Ya le habían ofrecido ropa seca cuando escuchó un grito:
— ¡Mamá!
María Inés se ríe antes de contar lo que sigue, porque es la muestra de que sus hijas también habían heredado la costumbre familiar de no dramatizar. Tenía el pelo mojado pegado a la cara, raya al medio, y aunque se emocionaron al verla, después su hija le confesó lo que pensó apenas la vio:
— Ay mamá, parecías Patoruzú.
Tal como había calculado María Inés, sus hijas habían subido a un bote salvavidas y habían sido evacuadas. Las dos le contaron que se habían angustiado cuando les dijeron “ya han sacado a todos del barco, lo cual era una vil mentira”. Pero la conocían y, durante las horas en que la buscaron en la oscuridad, aplacaron la angustia con una certeza: “Es mamá, de alguna forma se las va a arreglar’.
Las tres fueron repatriadas y pasaron a integrar la lista de 18 sobrevivientes argentinos del Costa Concordia. Desde entonces, María Inés se jubiló -ya no es jueza ni docente-, siguió usando el tapado y las botas con pensamiento lógico - “¿por qué las iba a tirar si sólo se habían mojado?”- y el famoso capitán Schettino -famoso por haber estado “enfiestado” y haberse fugado cuando el barco se hundía- fue condenado a 16 años de prisión por los delitos de naufragio culposo, homicidio culposo, abandono de la nave, entre otros.
Ya es media mañana y María Inés está por salir a su clase de natación.
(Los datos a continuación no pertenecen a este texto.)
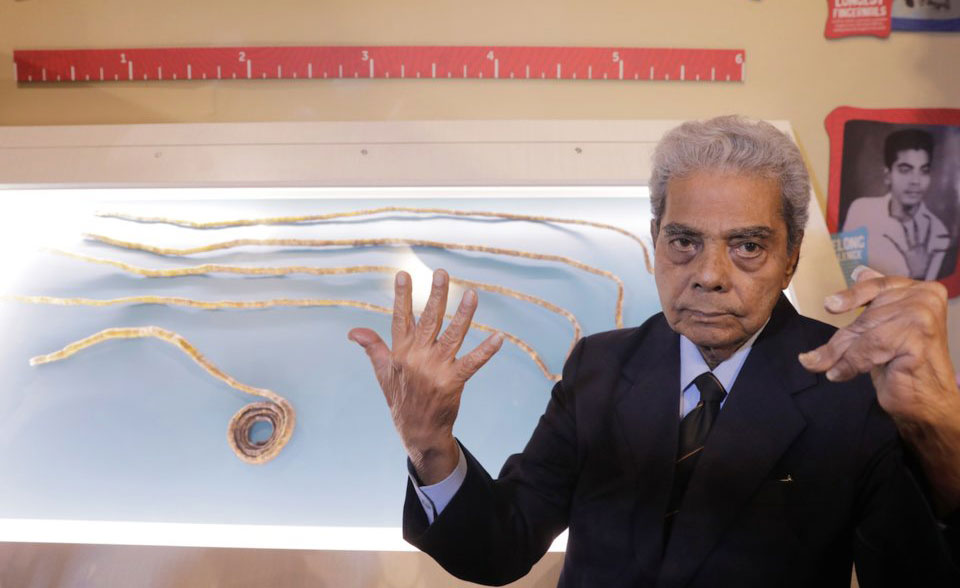 काठमाडौँ, २९ असार । ‘तिनीहरूलाई बढाउन वर्षौँ लागेको थियो तर काट्नको लागि दुई मिनेट पनि लागेन ।’ बुधबार एउटा हातमा सबैभन्दा लामो नङ्गको लागि गिनिज बुक अफ वल्र्ड रेकर्डस्मा नाम लेखाएका भारतको पुणे निबासी श्रीधर चिल्ललले अन्ततः आफ्ना नङ्गहरु काटे ।
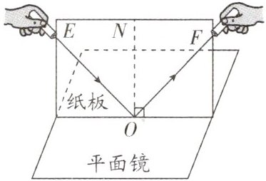 4. (2024·武汉中考)如图所示,为了探究光反射时的规律,把一个平面镜放在水平桌面上,再把一张纸板 ENF 竖直地立在平面镜上,纸板 ENF 是用两块纸板连接起来的,纸板 NOF 可以向前或向后折.下列说法正确的是()

Sobre el final dice que no, no siente que la experiencia límite la haya empujado a valorar más, a agradecer más, a disfrutar más.
“En absoluto -interrumpe la sensiblería-. No sentí ‘bueno, ahora que sobreviví me doy cuenta de que la vida es muy importante’. Yo siempre he paladeado lo que tenía, he gozado. Mi nieta me dice ‘ay abuela, la cara que ponés cuando tomás tu cafecito con tus dos tostadas... parecés un gato que lo están acariciando’. Mire, yo tenía 72 años en ese momento. Ahogarme sin luchar no, por supuesto, pero si me hubiera ahogado, si hubiera llegado a la conclusión de ‘bueno, adiós’, era toda una vida vivida, una buena vida”.